Karpathy began by mapping the evolution of software over the past seven decades, highlighting three distinct eras:
- Software 1.0: The traditional paradigm of writing explicit instructions in programming languages like C++ or Python. This is the classic software model, where developers write code to tell computers exactly what to do.
- Software 2.0: The advent of neural networks, where software is encoded not as explicit instructions but as learned parameters (weights) of models trained on vast datasets. Instead of writing code directly, developers tune data and training processes to produce models that perform tasks such as image recognition or classification.
- Software 3.0: The emerging paradigm centered around large language models, which are programmable via natural language prompts. Here, English or other human languages become the programming interface, enabling users to “program” AI models by describing desired outputs or tasks rather than writing code.
This transition represents a fundamental shift in how software is conceived and built. While neural networks in Software 2.0 were largely fixed-function systems solving specific tasks, Software 3.0 models are programmable, flexible, and accessible in ways traditional software never was.
Karpathy highlighted the analogy of GitHub, the hub for traditional code repositories, and compared it to Hugging Face, which serves as a repository and ecosystem for AI models — the “GitHub of Software 2.0.” This analogy extends to Software 3.0, where large language models act as new programmable computers, and prompts in natural language serve as the new code.
Programming in English: The Dawn of a New Programming Language
One of the most striking points Karpathy made was the revolutionary nature of programming in English.
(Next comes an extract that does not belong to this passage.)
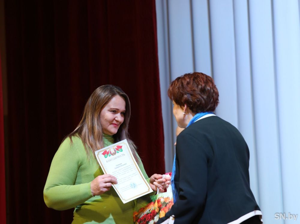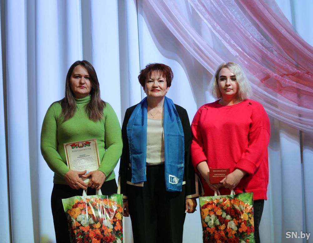После поздравительного слова Жанна Васильевна вручила удостоверение многодетной семьи маме троих дочерей Анастасии Полевицкой. А также Благодарственные письма Анне Пичик и Екатерине Дайнеко, которые воспитывают по семеро детей и обе награждены государственными наградами Республики Беларусь – орденами Матери.

Unlike previous programming languages, which required years of study, Software 3.0 allows anyone fluent in English to instruct powerful AI models directly. This natural language interface breaks down barriers, democratizing software development and enabling a broader range of people to participate in programming.
Karpathy’s own experience with this new paradigm was illustrated through his personal experiments with “vibe coding,” a playful term he coined for coding by interacting with AI models using natural language commands. This approach lowers the entry barrier for software creation and opens new opportunities for rapid prototyping and innovation.
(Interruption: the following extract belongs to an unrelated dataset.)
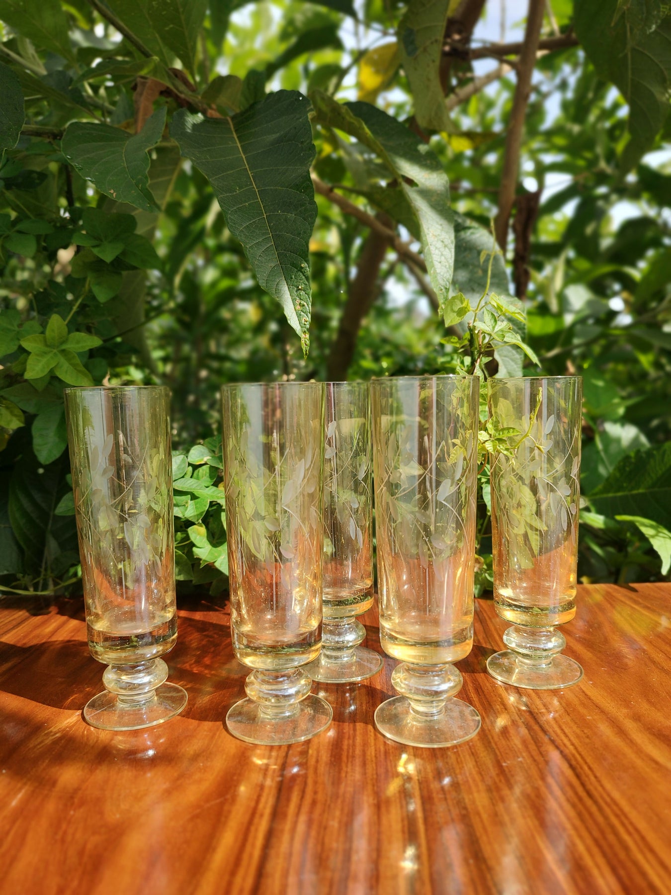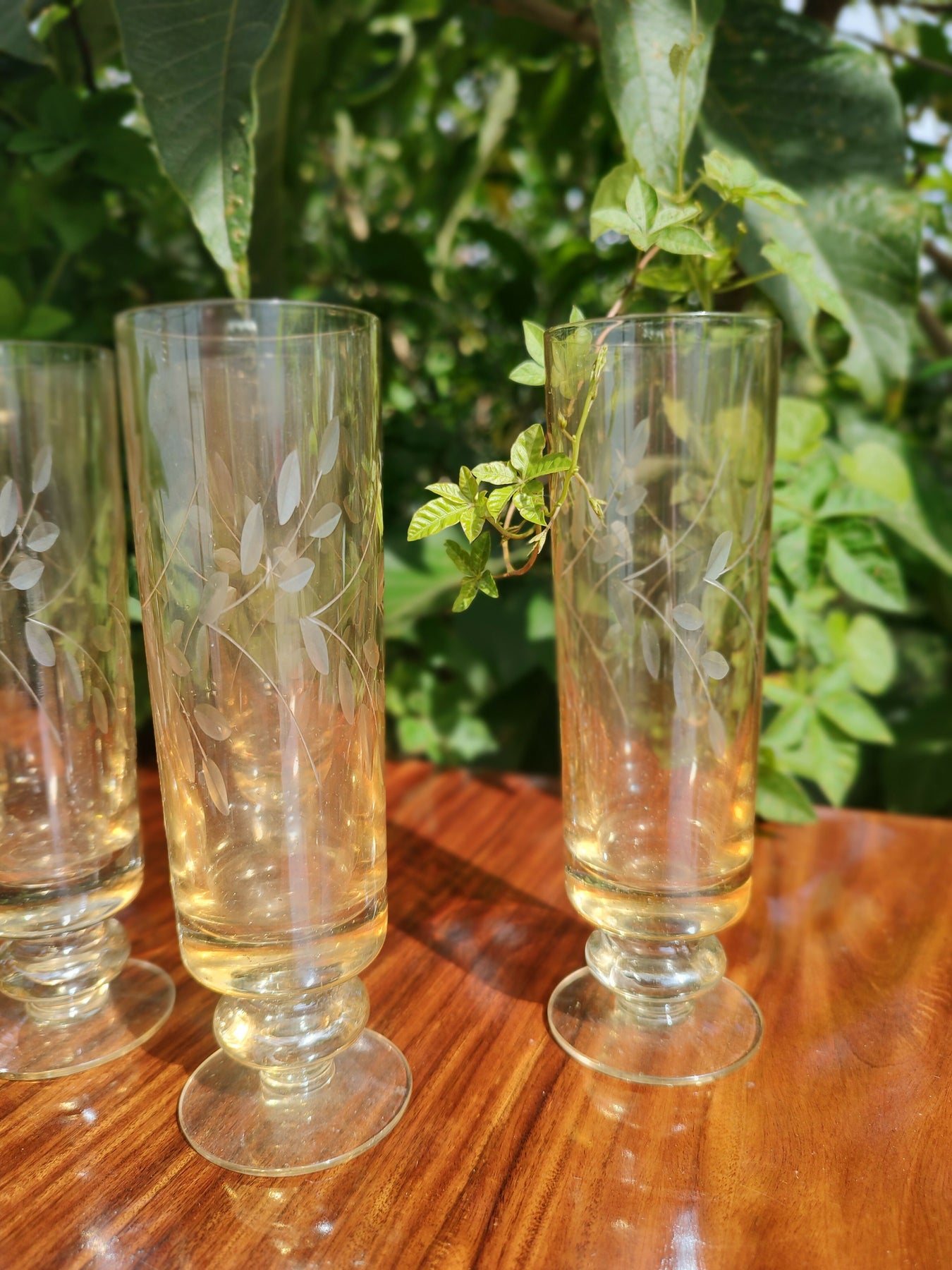 tim tim! ✨ 🥂  lindas taças antigas pra fazer um brinde cheio de nostalgia! conjunto lindão, de vidro levemente âmbar com detalhes de folhagem lapidada

LLMs as Utilities, Fabs, and Operating Systems: A New Computing Paradigm
Karpathy drew several compelling analogies to explain the role of LLMs in the technology ecosystem:
- LLMs as Utilities: Similar to electricity grids, LLM labs like OpenAI, Gemini, and Anthropic invest heavily in training these models (CapEx) and then provide access through APIs (OPEX). Users consume these models as a utility, paying for usage and expecting high availability and quality.
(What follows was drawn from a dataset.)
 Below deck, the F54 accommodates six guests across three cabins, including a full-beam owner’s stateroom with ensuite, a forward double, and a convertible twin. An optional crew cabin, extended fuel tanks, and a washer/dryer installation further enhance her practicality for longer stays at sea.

- LLMs as Fabs: The analogy to semiconductor fabrication plants (fabs) reflects the massive investment, complexity, and centralization involved in training state-of-the-art models. The technology is evolving rapidly, with deep research and development secrets concentrated in a few labs.
- LLMs as Operating Systems: Perhaps the most powerful analogy, Karpathy, argued that LLMs represent a new kind of operating system. They orchestrate memory, compute, and problem-solving in a way that resembles early computing systems. The context window of an LLM acts like memory, and the model itself functions as a CPU, processing and generating outputs based on input prompts.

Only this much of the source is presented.